Nitrogen has an atomic number of seven making it the seventh element on the periodic table. A component of protein, nitrogen is a definite necessity to life but in large quantities it can be harmful. It is "the fifth most abundant element in the universe" and is found present in organic materials, foods, fertilisers, explosives and poisons. On Earth nitrogen can be found almost anywhere as it makes up 78% of the Earth's air. (Blaszczak-boxe, 2014) The nitrogen molecules are found mostly in the air however they can are also found in water and soil as nitrates and nitrites which are part of the nitrogen cycle. Natural nitrate and nitrite have been modified by humans who have emitted excess nitrogen, increasing the original proportions. This is due to the manufacturing of nitrate-containing manures by larger industries. The majority of consequences are mostly negative, for example higher levels of nitrate in drinking water causes health risks. (Lenntech, 2016).

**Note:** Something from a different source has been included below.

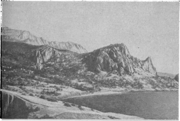 К юрскому же периоду можно отнести и возникновение древнего вулкана Кара-даг (574 м) с группой окружающих его гор, теперь сильно размытых и разрушенных. Южные отвесные склоны Кара-дага круто обрываются к морю.

Nitrogen is known to be colourless, tasteless and odourless at the standard pressure and temperature. (Pubchem, 2016) In water, nitrogen is also know to be colourless and odourless, it is also said to look like water. (Blaszczak-boxe, 2014) Nitrogen is known mostly to be a diatomic, non-metal gas that contains five outer electrons. (Lenntech, 2016) Made up of 7 electrons and protons, nitrogen has an atomic weight of 14.0067 therefore having 7 neutrons as well. (Pubchem, 2016) The molecular formula for nitrogen is 2N. (Wandell, 2013) This is because a single nitrogen atom has 5 electrons on its outer shell and must combine with either itself of another atom (make a compound) to ensure the molecule is stable. When it combines with itself the atoms share the ten electrons they have altogether which forms a triple bond. This trivalent is "unusually" stable and hard to break apart. (Wandell, 2013).
Here are the following links I have used for the information above:
Blaszczak-boxe, A. (2014). Live Science. Retrieved 28 July, 2016, from
Lenntech, B.V. (2016). Lenntechcom. Retrieved 28 July, 2016, from
Pubchem. (2016). Nihgov. Retrieved 28 July, 2016, from
Wandell, A. (2013). Chemistry LibreTexts. Retrieved 28 July, 2016, from
These links have provided detailed explanations on the structures and functions of the atom nitrogen. However I still have a few questions that haven't been answered. 
They are; 
How do both electron rings spin at the same time whilst sharing between them ten electrons? 
How many nitrogen atoms are there until they are able to do harm? 
How many nitrogen atoms are in the human body? 
What are the electrons, protons and neutrons made of? Are the protons, neutrons or electrons any different in another atom than nitrogen?
I have also learnt some interesting facts about the subject of atoms and in particular, nitrogen. Nitrogen exists almost anywhere as it makes up 78% of the Earth's air, unlike on Mars where it is only 2.6% of the atmosphere. (Blaszczak-boxe, 2014) There are also many health risk of nitrogen. This shows, nitrogen like most other substances on Earth are not just good or bad as they have the ability to harm and regenerate. (Lenntech, 2016) Another fact is that nitrogen is essential to life as it is a component in our DNA. (Lenntech, 2016)
In making the 3D model of the atom, there were many problems and setbacks that occurred. The first shell and sphere for the nucleus were quite easy although the second she proved quite difficult. This was because the second, outer shell had more electrons and the two shells had to spin in different directions but still simultaneously. After a great amount of trial and error and conferencing with others, the atom finally started to come together. The overall program was simple enough however a small mistake would make the difference in the model being right or wrong.